LISZT Piano Concertos (Yoav Levanon)
View record and artist detailsRecord and Artist Details
Composer or Director: Yoav Levanon
Genre:
Orchestral
Label: Warner Classics
Magazine Review Date: 01/2025
Media Format: CD or Download
Media Runtime: 65
Mastering:
DDD
Catalogue Number: 2173 24239-7
Tracks:
Composition | Artist Credit |
---|---|
Concerto for Piano and Orchestra No. 1 |
Franz Liszt, Composer
Lucerne Symphony Orchestra Michael Sanderling, Conductor Yoav Levanon, Composer |
Concerto for Piano and Orchestra No. 2 |
Franz Liszt, Composer
Lucerne Symphony Orchestra Michael Sanderling, Conductor Yoav Levanon, Composer |
Totentanz |
Franz Liszt, Composer
Lucerne Symphony Orchestra Michael Sanderling, Conductor Yoav Levanon, Composer |
Romance, 'O pourquoi donc' |
Franz Liszt, Composer
Lucerne Symphony Orchestra Michael Sanderling, Conductor Yoav Levanon, Composer |
Frühlingsnacht (Schumann) |
Franz Liszt, Composer
Lucerne Symphony Orchestra Michael Sanderling, Conductor Yoav Levanon, Composer |
Silent Love alla Liszt |
Yoav Levanon, Composer
Lucerne Symphony Orchestra Michael Sanderling, Conductor Yoav Levanon, Composer |
Author: Peter J Rabinowitz
Is it wise for the controversial 20-year-old Yoav Levanon to try so hard to emulate Liszt – to the point of staging publicity photos that mimic familiar images of the composer? Isn’t he setting himself up for a fall? True, Levanon has an impressive technique (check out the repeated notes that launch the fifth variation in Totentanz). True, he has a generically Romantic approach to the music, a healthy willingness to supplement the score with personal touches when it comes to tempo, articulation, dynamics and voicing. But Liszt he’s not – and the self-promotion encourages expectations that are met only sporadically.
Simply put, Levanon is brilliant but uneven. His extreme flexibility can enthral; but it sometimes slides into self-indulgence (try the solo passage near the beginning of the First’s Quasi adagio), and it sometimes disappears as his pulse submits to the bullying of the bar lines. Likewise, his sense of colour can illuminate the music; but he often overlooks opportunities for timbral play (surely he could do more with the glissandos in the second variation of Totentanz). Sometimes he captures the music’s momentum (the opening of the Second’s Marziale un poco meno allegro rings out boldly); sometimes, especially in transitional passages, he simply treads water. No wonder the performances sputter. The orchestra is desultory, and coordination is iffy.

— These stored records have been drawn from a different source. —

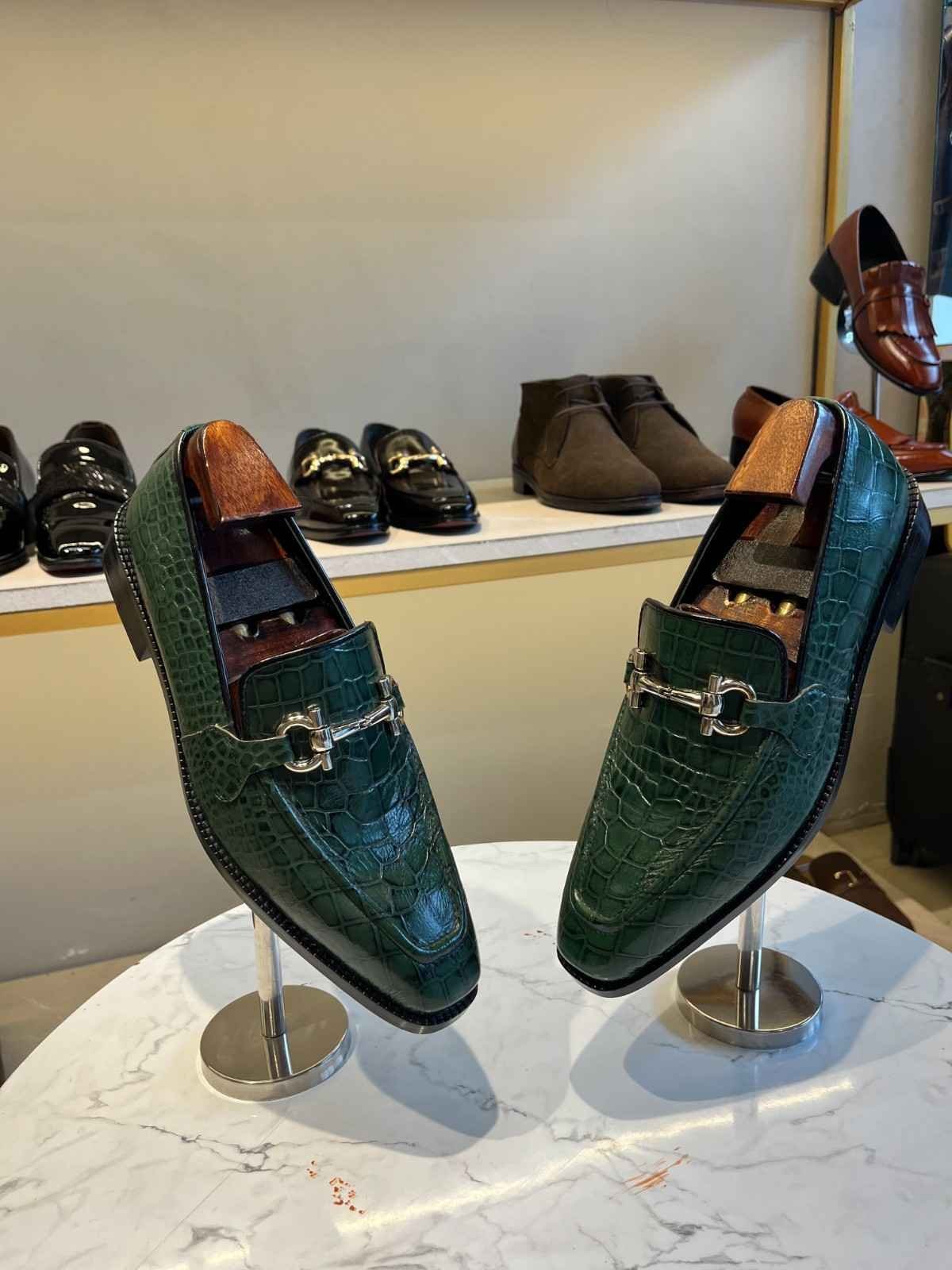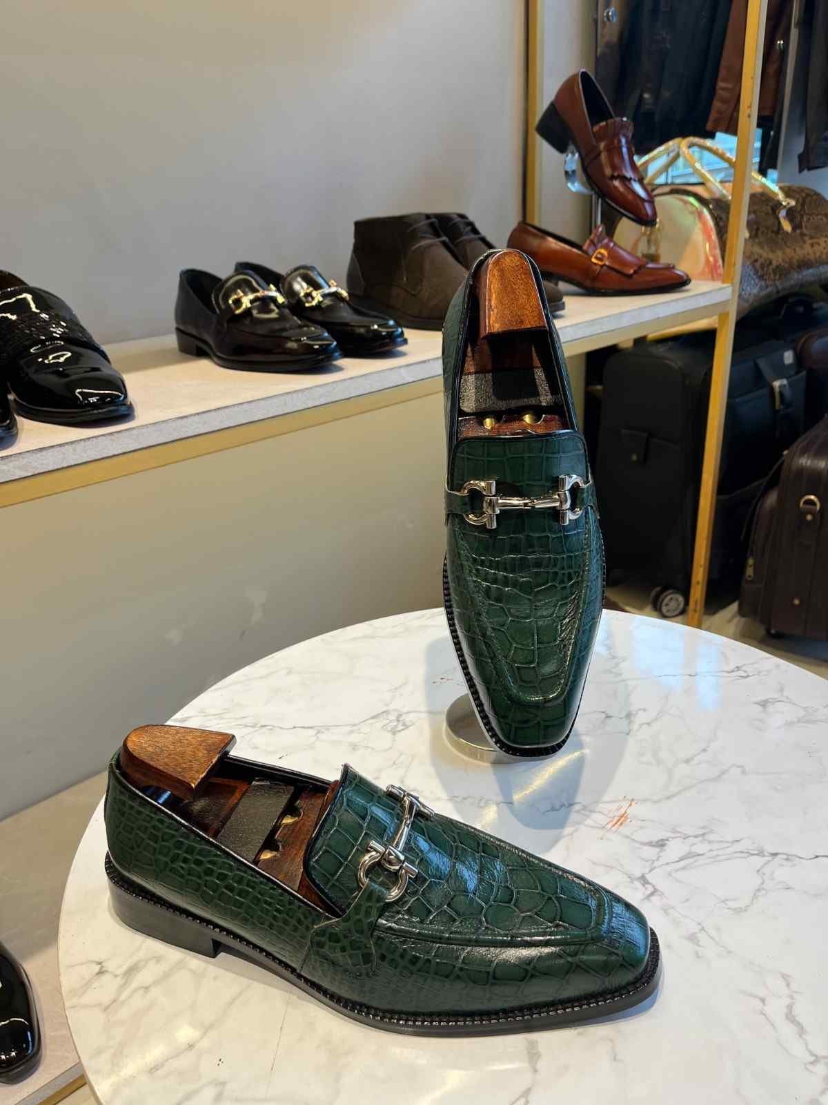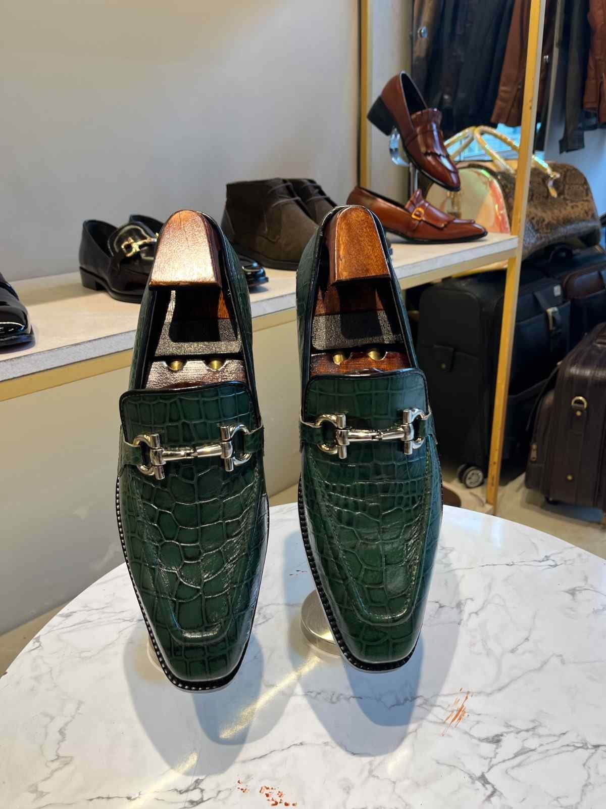 Green Crocodile Moccasins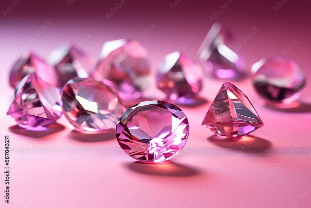 a group of pink diamonds sitting on top of a pink table top next Very well made.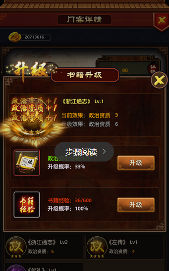 找到门客对应的书籍,查看升级成功率,点击升级即可。门客的等级越高升级失败的可能性越大,小编建议等级比较高的门客用书籍经验来提升资质哦。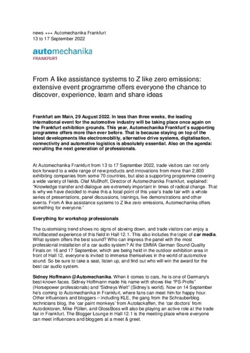 Dans moins de trois semaines, le leader des salons de l'après-vente auto aura lieu à nouveau au parc des expositions de Francfort. Parmi les thèmes-clés : électromobilité, systèmes de propulsion alternatifs, la digitalisation, la connectivité et la logistique automobile. Sans oublier les formations et le recrutement...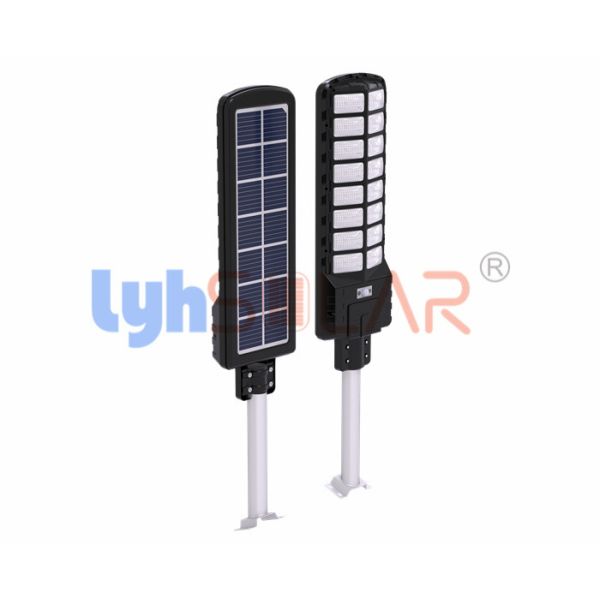 This 18W solar street light is an original design with global patented product that secures the customers' market. The integrated design combines the solar panel, battery and light source together, consolidating them into a small package making installation easy. The lamp housing materials are ABS and PC with UV-protection and corrosion-resistance for outdoor lighting applications and IP65 Waterproof protection for any weather.

Levanon is more persuasive in the solo numbers appended to the digital version of this release – pieces inexplicably left off the CD, despite ample room. The Schumann-Liszt Frühlingsnacht, artfully shaped, is notable for its ardour and its sensitive handling of interweaving lines; the melancholy of Liszt’s Romance comes across eloquently. And his own over-the-top paraphrase of Wolf’s ‘Verschwiegene Liebe’ makes an effective closer.
For its exceptional promise and its splashes of first-rate playing, this release should be of interest to piano aficionados. General listeners, though, have better alternatives. To my ears, the combination of fire and discipline in Sviatoslav Richter’s account of the concertos (Philips, 5/62) is unmatched. But whatever your aesthetic preferences, there are recordings of this repertoire – from Alfred Brendel’s (Philips, 10/73) through Grigory Ginzburg’s (Vox Aeterna, 8/05) on to Krystian Zimerman’s (DG, 11/88) – that will give you more consistent pleasure than Levanon’s.